Prognostics and health management is an emerging engineering technology that has been applied to a large variety of engineering systems to improve system's reliability. However, existing prognostics approaches have been developed largely based upon specific applications and system models, thus possess limited general applicability. This paper presents a generic data-driven prognostics method, namely an adaptive self-cognizant dynamic system (ASDS) approach, that integrates adaptive system recognition with a general state space-based dynamic system model for remaining useful life (RUL) prediction. The developed approach formulates a statistical learning framework with three core attributes: 1) a state-space-based dynamic system approach for the system performance modeling in general, 2) a data-driven method to learn time-series degradation performance of an engineering system, and 3) a Bayesian technique for self-updating of data-driven models to adapt to the operational or environmental changes. With the developed ASDS approach, the prognostics technique can eliminate the dependence on system specific models and be adaptive to system performance changes due to degradation or variation of system operational conditions, thereby yielding accurate RUL predictions. The developed methodology is applied to two engineering case studies to demonstrate its effectiveness.
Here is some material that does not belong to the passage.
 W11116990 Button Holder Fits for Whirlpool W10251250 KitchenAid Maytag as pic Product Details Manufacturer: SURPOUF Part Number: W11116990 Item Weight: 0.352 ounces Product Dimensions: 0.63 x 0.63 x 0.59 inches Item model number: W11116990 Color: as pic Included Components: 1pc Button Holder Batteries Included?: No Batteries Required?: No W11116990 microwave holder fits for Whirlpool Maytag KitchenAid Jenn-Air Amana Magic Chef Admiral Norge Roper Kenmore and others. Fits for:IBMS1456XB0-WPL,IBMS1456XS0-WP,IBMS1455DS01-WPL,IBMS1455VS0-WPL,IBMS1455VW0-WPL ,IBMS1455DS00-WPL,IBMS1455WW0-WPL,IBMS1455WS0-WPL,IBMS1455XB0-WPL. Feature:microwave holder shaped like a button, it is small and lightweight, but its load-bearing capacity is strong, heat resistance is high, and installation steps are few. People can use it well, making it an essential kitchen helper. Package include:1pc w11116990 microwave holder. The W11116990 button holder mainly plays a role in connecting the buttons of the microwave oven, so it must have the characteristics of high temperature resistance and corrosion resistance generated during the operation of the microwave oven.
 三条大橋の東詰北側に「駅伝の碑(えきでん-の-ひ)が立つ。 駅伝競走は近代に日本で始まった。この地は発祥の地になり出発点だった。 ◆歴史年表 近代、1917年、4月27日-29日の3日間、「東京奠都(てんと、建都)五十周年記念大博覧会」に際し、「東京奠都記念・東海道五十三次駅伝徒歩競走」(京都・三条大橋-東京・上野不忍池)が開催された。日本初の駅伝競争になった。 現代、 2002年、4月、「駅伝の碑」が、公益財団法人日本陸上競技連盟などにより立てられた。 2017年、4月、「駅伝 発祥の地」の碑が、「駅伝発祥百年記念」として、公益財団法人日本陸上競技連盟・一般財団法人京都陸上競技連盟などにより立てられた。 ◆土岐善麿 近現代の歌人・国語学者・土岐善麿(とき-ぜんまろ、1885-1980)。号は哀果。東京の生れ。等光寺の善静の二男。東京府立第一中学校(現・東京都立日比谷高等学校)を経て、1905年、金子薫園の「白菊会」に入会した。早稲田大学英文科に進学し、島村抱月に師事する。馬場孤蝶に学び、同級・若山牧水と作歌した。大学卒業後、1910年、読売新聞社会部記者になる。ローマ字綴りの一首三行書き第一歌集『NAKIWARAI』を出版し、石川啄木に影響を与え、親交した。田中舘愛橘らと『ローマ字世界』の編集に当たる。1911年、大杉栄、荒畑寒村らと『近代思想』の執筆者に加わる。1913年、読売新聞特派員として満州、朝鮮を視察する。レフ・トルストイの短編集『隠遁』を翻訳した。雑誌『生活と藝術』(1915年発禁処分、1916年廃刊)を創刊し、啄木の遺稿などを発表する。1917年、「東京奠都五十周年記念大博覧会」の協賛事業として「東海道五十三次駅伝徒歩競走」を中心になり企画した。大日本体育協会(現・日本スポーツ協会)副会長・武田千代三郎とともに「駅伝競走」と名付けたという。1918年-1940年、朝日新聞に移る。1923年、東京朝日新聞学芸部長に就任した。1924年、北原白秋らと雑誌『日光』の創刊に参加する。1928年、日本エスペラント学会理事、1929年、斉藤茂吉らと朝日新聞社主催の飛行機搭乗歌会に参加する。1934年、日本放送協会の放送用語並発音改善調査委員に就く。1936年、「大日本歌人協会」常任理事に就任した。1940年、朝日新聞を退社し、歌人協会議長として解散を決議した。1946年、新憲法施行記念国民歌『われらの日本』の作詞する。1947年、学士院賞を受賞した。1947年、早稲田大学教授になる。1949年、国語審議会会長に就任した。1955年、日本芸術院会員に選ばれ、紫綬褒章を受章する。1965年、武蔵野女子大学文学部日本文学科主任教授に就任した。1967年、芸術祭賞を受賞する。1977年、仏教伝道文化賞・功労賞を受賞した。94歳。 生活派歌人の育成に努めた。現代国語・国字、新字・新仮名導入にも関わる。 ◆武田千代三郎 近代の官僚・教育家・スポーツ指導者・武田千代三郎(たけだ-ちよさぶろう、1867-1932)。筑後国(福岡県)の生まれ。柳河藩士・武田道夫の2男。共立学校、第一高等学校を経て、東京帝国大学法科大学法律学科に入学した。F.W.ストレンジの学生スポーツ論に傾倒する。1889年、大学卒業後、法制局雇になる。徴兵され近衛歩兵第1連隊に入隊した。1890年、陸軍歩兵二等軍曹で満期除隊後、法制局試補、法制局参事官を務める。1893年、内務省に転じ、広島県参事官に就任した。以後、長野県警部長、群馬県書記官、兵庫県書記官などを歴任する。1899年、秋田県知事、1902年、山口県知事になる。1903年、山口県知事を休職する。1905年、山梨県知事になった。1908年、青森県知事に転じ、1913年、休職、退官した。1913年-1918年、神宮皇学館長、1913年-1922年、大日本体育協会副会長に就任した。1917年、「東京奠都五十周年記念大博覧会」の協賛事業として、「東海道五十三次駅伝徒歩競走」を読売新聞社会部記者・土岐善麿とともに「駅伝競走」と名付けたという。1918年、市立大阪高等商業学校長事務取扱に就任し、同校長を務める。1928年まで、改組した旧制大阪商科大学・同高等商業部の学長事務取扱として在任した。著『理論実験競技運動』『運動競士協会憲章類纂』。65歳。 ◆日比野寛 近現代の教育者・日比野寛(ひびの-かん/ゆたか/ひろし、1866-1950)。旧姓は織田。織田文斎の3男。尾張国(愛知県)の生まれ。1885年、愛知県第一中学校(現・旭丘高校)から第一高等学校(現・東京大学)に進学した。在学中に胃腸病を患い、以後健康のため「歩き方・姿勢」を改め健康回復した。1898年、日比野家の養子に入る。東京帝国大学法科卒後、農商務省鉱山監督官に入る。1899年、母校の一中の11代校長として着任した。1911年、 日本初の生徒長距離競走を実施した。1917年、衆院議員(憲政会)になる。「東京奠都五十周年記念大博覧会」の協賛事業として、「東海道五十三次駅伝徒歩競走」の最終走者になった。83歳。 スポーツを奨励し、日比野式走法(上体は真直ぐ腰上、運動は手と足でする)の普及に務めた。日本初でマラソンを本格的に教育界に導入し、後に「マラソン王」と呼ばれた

机译:预测和健康管理是一种新兴的工程技术,已应用于多种工程系统以提高系统的可靠性。但是,现有的预测方法主要是基于特定的应用程序和系统模型开发的,因此具有有限的通用性。本文提出了一种通用的数据驱动的预测方法,即自适应自我认知动态系统(ASDS)方法,该方法将自适应系统识别与基于状态空间的一般状态动态系统模型集成在一起,以预测剩余使用寿命(RUL)。所开发的方法制定了具有三个核心属性的统计学习框架:1)通常用于系统性能建模的基于状态空间的动态系统方法,2)一种用于学习工程系统的时序退化性能的数据驱动方法,以及3)贝叶斯技术,该技术可自我更新数据驱动模型以适应运营或环境变化。利用已开发的ASDS方法,预后技术可以消除对系统特定模型的依赖性,并且可以适应由于系统运行状况的下降或变化而导致的系统性能变化,从而产生准确的RUL预测。所开发的方法应用于两个工程案例研究,以证明其有效性。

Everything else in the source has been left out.